I derived this method from my background in embedded design and signal processing, where it’s common to analyze a signal’s time-varying spectral properties by breaking it down into smaller overlapping segments and applying the Fourier Transform to each segment.
I realized that a similar strategy can be applied to large documents, since the meaning of what you’re currently reading only makes sense in the limited context of the few sentences that came before and the few sentences that come after.
When applied to document summarization, the sliding window approach processes the input document in text chunks sized according to a predefined summary level (verbose, concise, or terse). The sliding content window is made up of the most recent paragraphs from the previous summary, plus the current input text chunk.
The model is asked to summarize the new chunk and update the previous summary with the new information. This method ensures that the script can generate a cohesive summary of the entire document while keeping the context intact.

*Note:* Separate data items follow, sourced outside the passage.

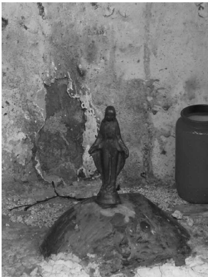
Abb. 4 (Aufnahme 13.6.2010)
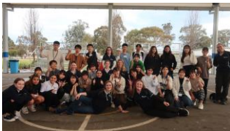
普通科姉妹校交流 オーストラリア
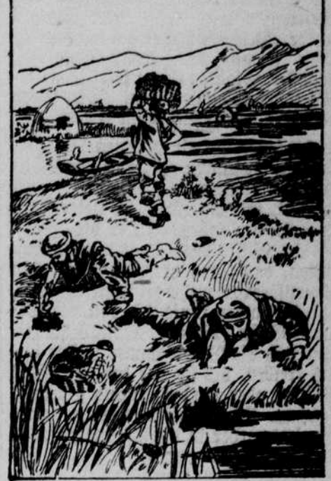
Die Lagunenfischer von Grado.

Die Temperatur um jene Zeit meist um den Nullpunkt schwankt, so ist die Arbeit nicht gerade angenehm, aber diese armen, abgehärteten und genügsamen Leute sind froh, zur Winterzeit überhaupt einen Verdienst zu haben, der sich einigermaßen lohnt und sie und ihre Familien erhält.
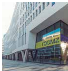
VIENA Roomz Prater

Mariahilfer Straße 122 Tlf: +43 1 525850
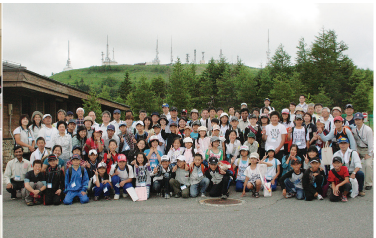
「学校林・遊々の森」全国子供サミット in 信州の様子
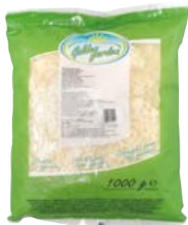
GOLDEN GARDEN lookblokjes 4x4mm 1kg | 36.313.54

# Process the input text in chunks and generate the summary
with open(output_path, "a") as out_f:
processed_chars = 0
while True:
print("Summarizing...")
# Read a chunk of text from the input_text
chunk = input_text[processed_chars:processed_chars+chunk_size]
processed_chars += len(chunk)
# Break the loop if there's no more text to process
if not chunk:
break
# Combine previous summary paragraphs and the current chunk
input_text_chunk = "[PREVIOUS_SUMMARY]\n\n" + "\n\n".join(
previous_summary_paragraphs) + "\n\n" + "[CURRENT_CHUNK]\n\n" + chunk
# Process the text chunk and generate a summary
summary_ctx = await process_text(input_text_chunk, summary_level)
summary = str(summary_ctx)
# Update the previous summary paragraphs based on the new summary.
# If the summary has more than max_context_paragraphs, remove the first
# paragraph until the summary is within the limit. As paragraphs are removed,
# they are written to the output file.
if summary:
summary_paragraphs = extract_summary_paragraphs(summary)
while len(summary_paragraphs) > max_context_paragraphs:
out_f.write(summary_paragraphs.pop(0) + "\n\n")
out_f.flush()
previous_summary_paragraphs = summary_paragraphs
print("\nSummary window: \n", summary)
else:
print("No summary generated for the current chunk.")
# Calculate and display the progress of the summarization
progress = (processed_chars / total_chars) * 100
print(
f"\nProgress: {processed_chars}/{total_chars} ({progress:.2f}%)")
If you read through the code, you may have noticed that I’m saving summaries as paragraphs in a list. As the list grows, I pop the oldest paragraphs off the front till the number of paragraphs fits within my predefined limit of max_context_paragraphs
.
This is how I keep the sliding content window constrained to only what’s current as the script iterates through a document. When there’s no more content to summarize, the script is done.
Communicating with Azure OpenAI
The document summarizer is using Microsoft’s Semantic Kernel project to communicate with Azure OpenAI services.
Semantic Kernel is an open-source SDK that facilitates the integration of AI services, such as OpenAI, Azure OpenAI, and Hugging Face, with programming languages like Python and C# with more on the way.
In the document summarizer script, the Semantic Kernel library’s `AzureChatCompletion` connector is used to communicate with Azure OpenAI, enabling me to communicate with a GPT-4 deployment for my document summarization.
Supported File Types and Input Sources
The document summarizer is designed to handle various file types and input sources, including:
- Text files
- PDFs
- Word documents
- Websites
The script automatically detects the input file type and extracts the text accordingly using the following functions:
def extract_text_from_pdf(pdf_path):
# ...
def extract_text_from_word(doc_path):
# ...
def extract_text_from_url(url):
# ...
These methods rely on functionality provided by various Python libraries, namely PyPDF2, docx, and BeautifulSoup.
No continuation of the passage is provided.